> **Your task**
Needed from the data below: every line from the one with "以下是课程大纲,可以看到每个" up to and including the one with "This beautiful home", repeated exactly and with nothing else.

> **Extracted entries**
----------
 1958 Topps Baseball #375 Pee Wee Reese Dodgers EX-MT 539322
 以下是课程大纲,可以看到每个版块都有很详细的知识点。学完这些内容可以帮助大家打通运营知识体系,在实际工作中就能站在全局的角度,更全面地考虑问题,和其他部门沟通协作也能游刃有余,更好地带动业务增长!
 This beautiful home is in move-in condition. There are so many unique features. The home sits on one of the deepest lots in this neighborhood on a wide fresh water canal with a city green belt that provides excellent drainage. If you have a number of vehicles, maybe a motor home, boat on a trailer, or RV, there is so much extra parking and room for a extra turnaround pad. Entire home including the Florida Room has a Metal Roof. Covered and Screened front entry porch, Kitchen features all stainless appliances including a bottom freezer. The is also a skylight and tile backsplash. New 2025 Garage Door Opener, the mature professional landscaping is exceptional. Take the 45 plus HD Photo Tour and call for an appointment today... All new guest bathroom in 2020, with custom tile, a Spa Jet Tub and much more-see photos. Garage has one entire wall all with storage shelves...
----------
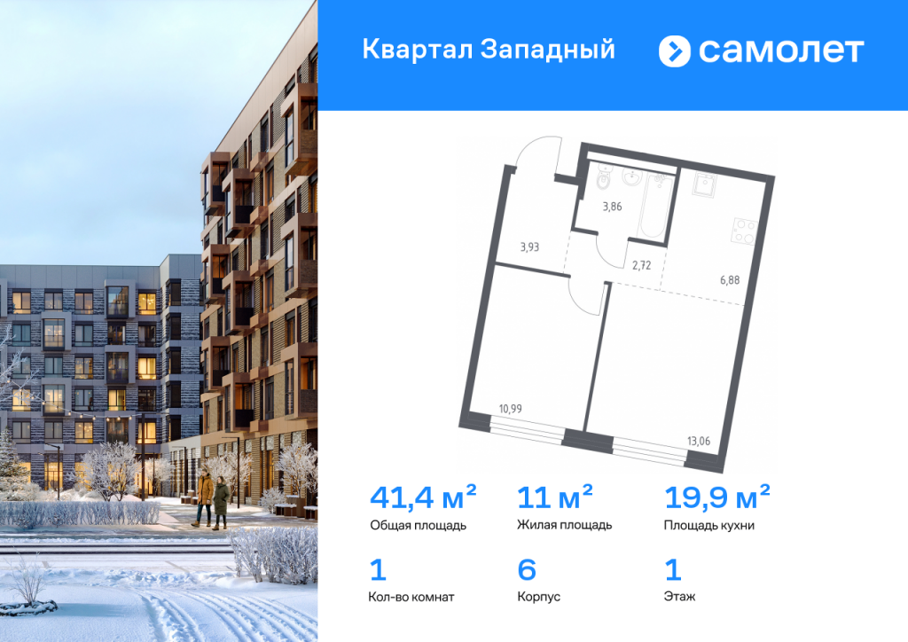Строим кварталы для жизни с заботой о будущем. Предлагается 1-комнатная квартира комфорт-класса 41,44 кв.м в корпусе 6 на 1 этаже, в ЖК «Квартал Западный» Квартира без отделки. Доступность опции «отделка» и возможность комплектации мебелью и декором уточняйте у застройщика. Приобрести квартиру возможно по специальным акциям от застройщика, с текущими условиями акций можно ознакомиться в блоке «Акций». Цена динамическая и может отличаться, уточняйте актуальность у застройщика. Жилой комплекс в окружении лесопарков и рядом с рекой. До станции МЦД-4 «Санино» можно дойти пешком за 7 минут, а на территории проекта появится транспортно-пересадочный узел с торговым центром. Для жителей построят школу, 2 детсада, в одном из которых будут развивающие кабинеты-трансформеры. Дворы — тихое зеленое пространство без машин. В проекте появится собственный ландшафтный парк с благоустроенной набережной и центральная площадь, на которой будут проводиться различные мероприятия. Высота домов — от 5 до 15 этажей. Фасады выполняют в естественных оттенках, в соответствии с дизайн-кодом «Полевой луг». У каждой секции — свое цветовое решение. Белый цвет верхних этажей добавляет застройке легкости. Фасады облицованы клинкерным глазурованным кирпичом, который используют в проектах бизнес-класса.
----------
> **Exercise response**
 以下是课程大纲,可以看到每个版块都有很详细的知识点。学完这些内容可以帮助大家打通运营知识体系,在实际工作中就能站在全局的角度,更全面地考虑问题,和其他部门沟通协作也能游刃有余,更好地带动业务增长!
 This beautiful home is in move-in condition. There are so many unique features. The home sits on one of the deepest lots in this neighborhood on a wide fresh water canal with a city green belt that provides excellent drainage. If you have a number of vehicles, maybe a motor home, boat on a trailer, or RV, there is so much extra parking and room for a extra turnaround pad. Entire home including the Florida Room has a Metal Roof. Covered and Screened front entry porch, Kitchen features all stainless appliances including a bottom freezer. The is also a skylight and tile backsplash. New 2025 Garage Door Opener, the mature professional landscaping is exceptional. Take the 45 plus HD Photo Tour and call for an appointment today... All new guest bathroom in 2020, with custom tile, a Spa Jet Tub and much more-see photos. Garage has one entire wall all with storage shelves...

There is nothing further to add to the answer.